→ **WHAT YOU ARE ASKED TO DO**:
Among the lines below, copy exactly those from the one with "And so I am" through the one with "一直沒去過關西佛陀世界,擇日不如撞日,就,就開團揪人~ 可惜萬人啦賽,二人響應~(感謝 糖姐", counting both ends.

→ **AVAILABLE DATA**:
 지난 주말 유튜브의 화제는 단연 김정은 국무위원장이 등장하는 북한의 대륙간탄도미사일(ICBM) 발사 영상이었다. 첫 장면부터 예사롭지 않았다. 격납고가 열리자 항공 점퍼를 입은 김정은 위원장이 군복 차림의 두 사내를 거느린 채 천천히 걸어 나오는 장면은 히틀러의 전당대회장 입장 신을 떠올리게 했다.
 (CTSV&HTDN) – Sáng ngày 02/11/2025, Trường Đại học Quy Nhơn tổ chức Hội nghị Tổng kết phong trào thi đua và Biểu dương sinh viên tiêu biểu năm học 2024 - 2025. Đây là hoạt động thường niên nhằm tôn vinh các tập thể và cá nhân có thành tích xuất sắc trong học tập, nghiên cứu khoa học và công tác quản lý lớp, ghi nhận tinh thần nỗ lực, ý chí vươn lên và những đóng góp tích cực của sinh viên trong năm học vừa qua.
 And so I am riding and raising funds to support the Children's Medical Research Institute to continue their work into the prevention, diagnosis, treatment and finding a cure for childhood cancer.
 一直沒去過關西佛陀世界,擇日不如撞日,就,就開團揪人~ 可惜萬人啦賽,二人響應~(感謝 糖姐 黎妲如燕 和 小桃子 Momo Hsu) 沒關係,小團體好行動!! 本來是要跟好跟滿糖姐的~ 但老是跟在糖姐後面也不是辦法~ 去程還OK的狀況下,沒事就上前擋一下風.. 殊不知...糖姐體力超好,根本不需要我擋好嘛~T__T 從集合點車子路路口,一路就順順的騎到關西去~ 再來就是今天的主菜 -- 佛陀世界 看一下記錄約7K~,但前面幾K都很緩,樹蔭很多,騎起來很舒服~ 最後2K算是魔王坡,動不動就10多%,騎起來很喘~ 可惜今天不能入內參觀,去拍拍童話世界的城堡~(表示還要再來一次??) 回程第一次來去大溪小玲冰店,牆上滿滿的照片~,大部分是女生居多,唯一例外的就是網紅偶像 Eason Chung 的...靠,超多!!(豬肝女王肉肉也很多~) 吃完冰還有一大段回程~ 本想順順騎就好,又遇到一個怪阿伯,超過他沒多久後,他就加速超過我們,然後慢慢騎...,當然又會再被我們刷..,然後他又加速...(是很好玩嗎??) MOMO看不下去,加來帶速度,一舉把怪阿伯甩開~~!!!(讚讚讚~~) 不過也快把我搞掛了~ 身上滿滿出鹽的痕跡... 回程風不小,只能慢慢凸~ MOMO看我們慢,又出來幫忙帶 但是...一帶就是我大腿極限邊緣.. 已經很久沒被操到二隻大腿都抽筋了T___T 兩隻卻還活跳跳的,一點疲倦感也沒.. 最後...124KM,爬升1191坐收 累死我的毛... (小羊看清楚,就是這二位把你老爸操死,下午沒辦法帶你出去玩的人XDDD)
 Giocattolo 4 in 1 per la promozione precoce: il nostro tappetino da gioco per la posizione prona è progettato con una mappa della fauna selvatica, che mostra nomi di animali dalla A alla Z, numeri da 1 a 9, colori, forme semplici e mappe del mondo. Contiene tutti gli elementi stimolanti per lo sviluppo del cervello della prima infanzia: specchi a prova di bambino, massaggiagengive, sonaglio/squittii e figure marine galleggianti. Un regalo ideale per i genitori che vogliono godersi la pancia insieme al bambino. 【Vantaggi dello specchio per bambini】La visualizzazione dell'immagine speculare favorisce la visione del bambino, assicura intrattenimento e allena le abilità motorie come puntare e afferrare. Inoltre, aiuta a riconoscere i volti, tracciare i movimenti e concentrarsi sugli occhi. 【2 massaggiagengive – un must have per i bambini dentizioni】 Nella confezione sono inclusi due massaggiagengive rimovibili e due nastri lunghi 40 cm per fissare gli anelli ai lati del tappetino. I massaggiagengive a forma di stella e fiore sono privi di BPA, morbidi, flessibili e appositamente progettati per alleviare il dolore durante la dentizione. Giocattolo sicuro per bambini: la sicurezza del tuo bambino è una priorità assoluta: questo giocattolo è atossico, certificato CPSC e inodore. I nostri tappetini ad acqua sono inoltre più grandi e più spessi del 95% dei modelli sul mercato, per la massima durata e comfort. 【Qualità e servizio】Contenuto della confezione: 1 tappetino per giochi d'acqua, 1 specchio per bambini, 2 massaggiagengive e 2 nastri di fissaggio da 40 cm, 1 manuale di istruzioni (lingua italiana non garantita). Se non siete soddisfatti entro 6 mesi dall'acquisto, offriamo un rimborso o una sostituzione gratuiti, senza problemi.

→ **THE ANSWER**:
 And so I am riding and raising funds to support the Children's Medical Research Institute to continue their work into the prevention, diagnosis, treatment and finding a cure for childhood cancer.
 一直沒去過關西佛陀世界,擇日不如撞日,就,就開團揪人~ 可惜萬人啦賽,二人響應~(感謝 糖姐 黎妲如燕 和 小桃子 Momo Hsu) 沒關係,小團體好行動!! 本來是要跟好跟滿糖姐的~ 但老是跟在糖姐後面也不是辦法~ 去程還OK的狀況下,沒事就上前擋一下風.. 殊不知...糖姐體力超好,根本不需要我擋好嘛~T__T 從集合點車子路路口,一路就順順的騎到關西去~ 再來就是今天的主菜 -- 佛陀世界 看一下記錄約7K~,但前面幾K都很緩,樹蔭很多,騎起來很舒服~ 最後2K算是魔王坡,動不動就10多%,騎起來很喘~ 可惜今天不能入內參觀,去拍拍童話世界的城堡~(表示還要再來一次??) 回程第一次來去大溪小玲冰店,牆上滿滿的照片~,大部分是女生居多,唯一例外的就是網紅偶像 Eason Chung 的...靠,超多!!(豬肝女王肉肉也很多~) 吃完冰還有一大段回程~ 本想順順騎就好,又遇到一個怪阿伯,超過他沒多久後,他就加速超過我們,然後慢慢騎...,當然又會再被我們刷..,然後他又加速...(是很好玩嗎??) MOMO看不下去,加來帶速度,一舉把怪阿伯甩開~~!!!(讚讚讚~~) 不過也快把我搞掛了~ 身上滿滿出鹽的痕跡... 回程風不小,只能慢慢凸~ MOMO看我們慢,又出來幫忙帶 但是...一帶就是我大腿極限邊緣.. 已經很久沒被操到二隻大腿都抽筋了T___T 兩隻卻還活跳跳的,一點疲倦感也沒.. 最後...124KM,爬升1191坐收 累死我的毛... (小羊看清楚,就是這二位把你老爸操死,下午沒辦法帶你出去玩的人XDDD)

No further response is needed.